Task item - Drop the images; return everything else in the listing below exactly.

Data block -

Content starts

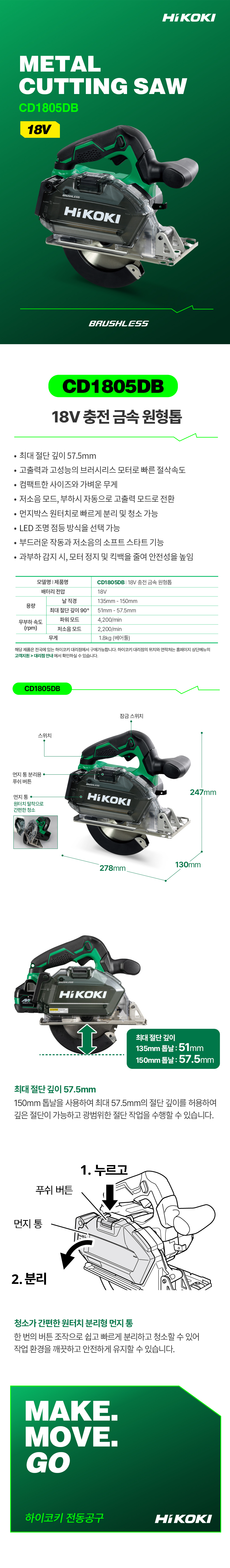 ■ 고출력과 고성능의 브러시리스 모터로 빠른 절삭속도
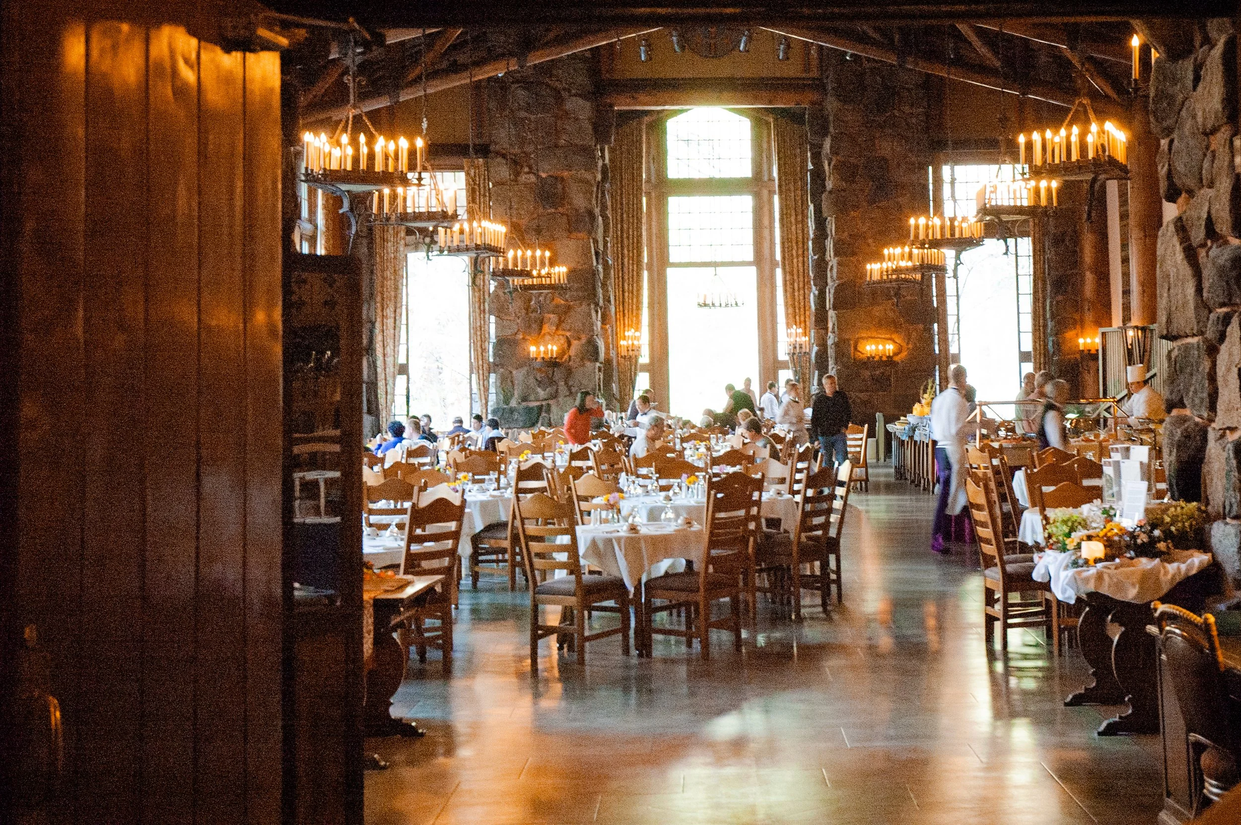 THE RUSTIC NATURE OF THE GRAND DINING ROOM IS EXPECTED AFTER SEEING THE EXTERIOR OF THE AHWAHNEE. IT IS QUITE THE EXPERIENCE TO LOOK AROUND AND THINK OF WHAT IT WAS LIKE FOR THE EARLY TRAVELERS OF THE LATE 1920S.
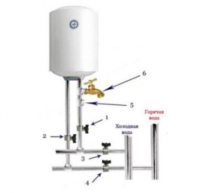Малюнок показує, де розташовуються стояки з холодною водою, вони відповідним чином підписані. Цифрами 1 і 2 позначені запірні вентилі на холодну і гарячу воду, 3 і 4 — також вентилі, що регулюють подачу води по квартирі. Кран 3 перекривають при необхідності перекрити воду в квартирі, а четвертий при роботі котла перекривається, щоб уникнути догляду гарячої води в стояк будинку. Під номером 5 вказано місце, куди монтується зворотний клапан. Номер 6 — кран для зливу води з котла. Він використовується при необхідності чищення, ремонту або демонтажу приладу.

Content ends

Exercise result -
 ■ 고출력과 고성능의 브러시리스 모터로 빠른 절삭속도
 THE RUSTIC NATURE OF THE GRAND DINING ROOM IS EXPECTED AFTER SEEING THE EXTERIOR OF THE AHWAHNEE. IT IS QUITE THE EXPERIENCE TO LOOK AROUND AND THINK OF WHAT IT WAS LIKE FOR THE EARLY TRAVELERS OF THE LATE 1920S.
Малюнок показує, де розташовуються стояки з холодною водою, вони відповідним чином підписані. Цифрами 1 і 2 позначені запірні вентилі на холодну і гарячу воду, 3 і 4 — також вентилі, що регулюють подачу води по квартирі. Кран 3 перекривають при необхідності перекрити воду в квартирі, а четвертий при роботі котла перекривається, щоб уникнути догляду гарячої води в стояк будинку. Під номером 5 вказано місце, куди монтується зворотний клапан. Номер 6 — кран для зливу води з котла. Він використовується при необхідності чищення, ремонту або демонтажу приладу.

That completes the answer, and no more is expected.